Selain dari pada itu di dalam penyajian gamelan Gong Kebyar sangat identik sekali dengan penyajian dalam bentuk karawitan instrumental yang gending atau lagunya masih bersumber dari beberapa jenis-jenis gending dari beberapa gamelan yang lainnya. Maka dari itu gamelan Gong Kebyar adalah barungan gamelan yang sangat fleksibel sifatnya.
Dipilihnya gamelan Gong Kebyar sebagai media ungkap dalam mendukung dari garapan ini, dikarenakan gamelan ini sangat mampu mendukung suasana serta karakter dari garapan komposisi “Gehgean” ini Seperti: gembira, keras, lembut, tegang, yang disesuaikan dengan alur dari pada garapan kreasi “Gehgean” ini.
Dalam karya yang berbentuk tabuh kreasi ini, penata memakai istilah bagian, yaitu bagian I, bagian II, bagian III dan seterusnya. Maka dengan hal tersebut, penata mengembangkan serta menggarap dan mewarnai dengan pola-pola garap kekinian seperti aksen-aksen, tempo, harmoni, ritme sesuai dengan perkembangan saat ini.
Konsep Garapan
Pembentukan sebuah karya sudah barang tentu didasari dengan sebuah konsep sebagai rancang bangun dari sebuah karya. Konsep dalam hal ini akan sangat membantu atau mempermudah seorang komposer atau penata dalam suatu pembentukan sebuah karya yang ingin diangkat untuk dijadikan sebuah karya musik ataupun karya dalam bidang karawitan dan mempermudah dalam mewujudkan garapan. Selain itu dalam konteks karya seni akademik, sebuah konsep garapan akan dapat dijadikan sebagai pedoman untuk memberikan pertanggung jawaban secara konprehensif terhadap hasil karya yang telah dibuat.

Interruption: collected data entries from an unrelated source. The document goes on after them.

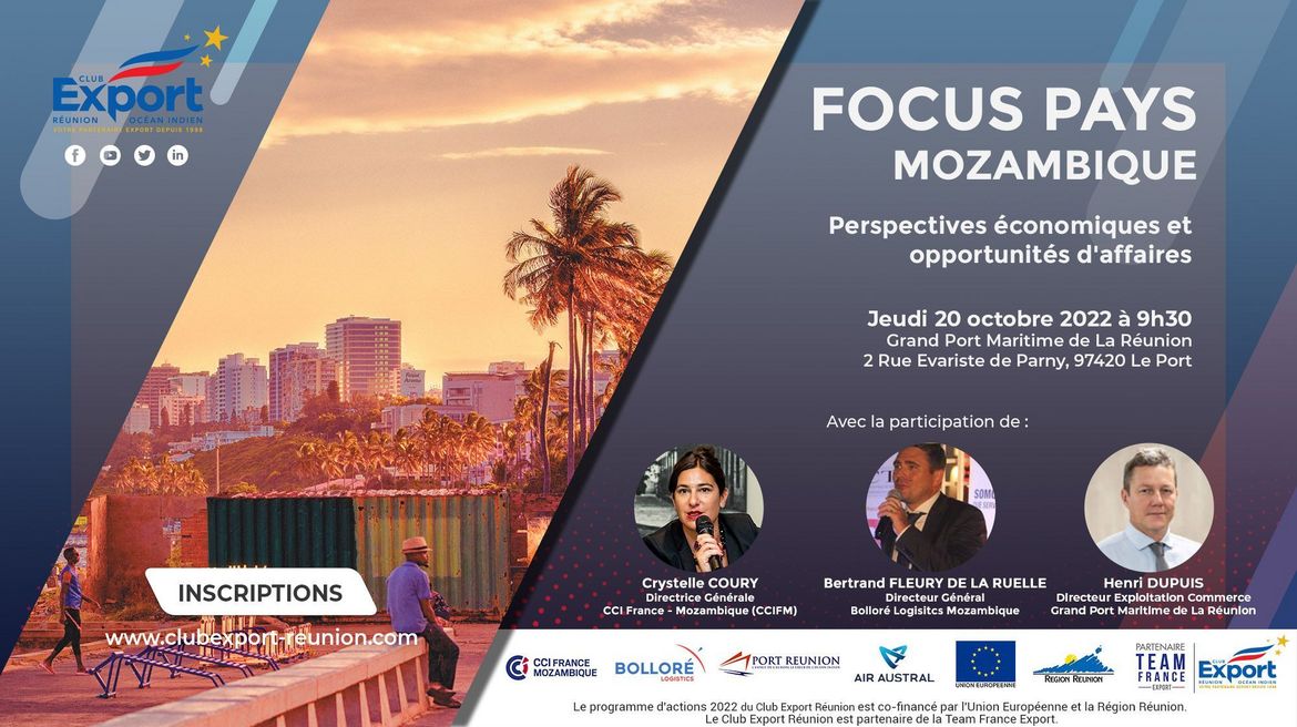 Le Club Export Réunion organise en partenariat avec la CCIF Mozambique un Focus Pays sur le Mozambique au Grand Port Maritime de La Réunion le jeudi 20 octobre 2022 à 9h30 sur le thème :
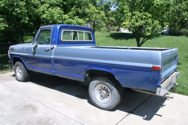 | 1972 4X4 Ford pickup truck. Great project tuck for someone. The drive-train is in good working order. The motor is a 390 big block and needs work but will start and run. The body is very solid with just one small rust spot over the windshield. I bought the truck with plans of restoring it myself and just have too many things going on. |
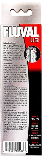 Keep your Fluval U3 Underwater Filter working effectively and remove large debris with Fluval U3 Foam Pad Filter Media. Fluval U3 Foam Pad Filter Media fits inside the filter chamber to prevent debris bypass for optimal mechanical filtration. Debris like fish waste, uneaten food and other material can cause harmful toxins like ammonia and phosphate to build up in your aquarium. The foam pad has a pore size that facilitates efficient water flow with less clogging, providing long-lasting filtration for cleaner, clearer water.
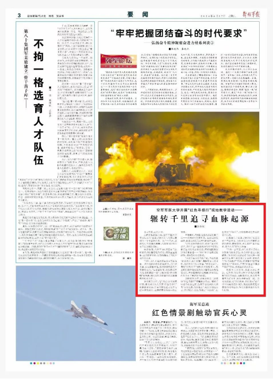 该校领导介绍,他们结合学校发展历程,在官兵中深入开展“红色寻根行”现地教学活动,引导大家在追寻先辈足迹中学思践悟,在赓续革命传统中凝心铸魂。
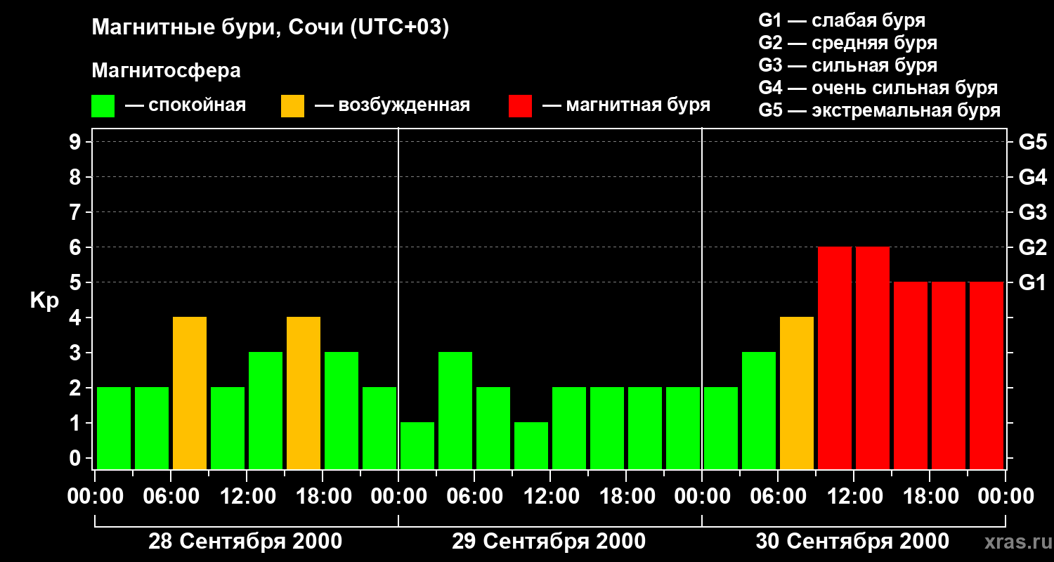 Изменения геомагнитного индекса Kp с 28 по 30 сентября 2000 года для средних широт
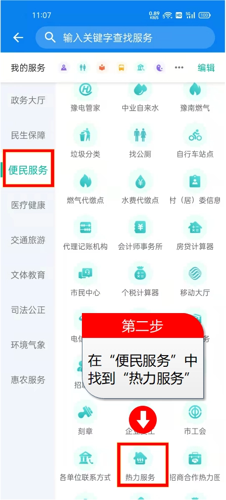 第二步:在服务菜单中依次点击“便民服务”-“热力服务”。

Komposisi karawitan ”Gehgean” ini merupakan sebuah karya tabuh kreasi yang secara umum konsep musikalnya masih mengacu kepada konsep garap musik tradisi, seperti halnya dalam konsep tri angga seperti ada kawitan, pengawak, serta pengecet. Berpijak dari konsep tradisi ini, tentunya akan selalu menjadi pijakan maupun pedoman yang mendasari dari sebuah karya komposisi karawitan. Pada intinya bagian-bagian yang sesuai dengan konsep tri angga seperti kepala (Pengawit), badan (pengawak), kaki (pengecet) tersebut dikembangkan melalui pengembangan unsur-unsur musikalnya. Dalam garapan tabuh kreasi Gehgean ini memakai media ungkap gamelan Gong Kebyar, itu dikarenakan gamelan ini sangat mendukung karakter maupun suasana yang diinginkan. Sesuai dengan kebutuhan dari garapan ini, penata didalam garapan ini akan menggunakan 30 atau lebih penabuh sebagai pendukung.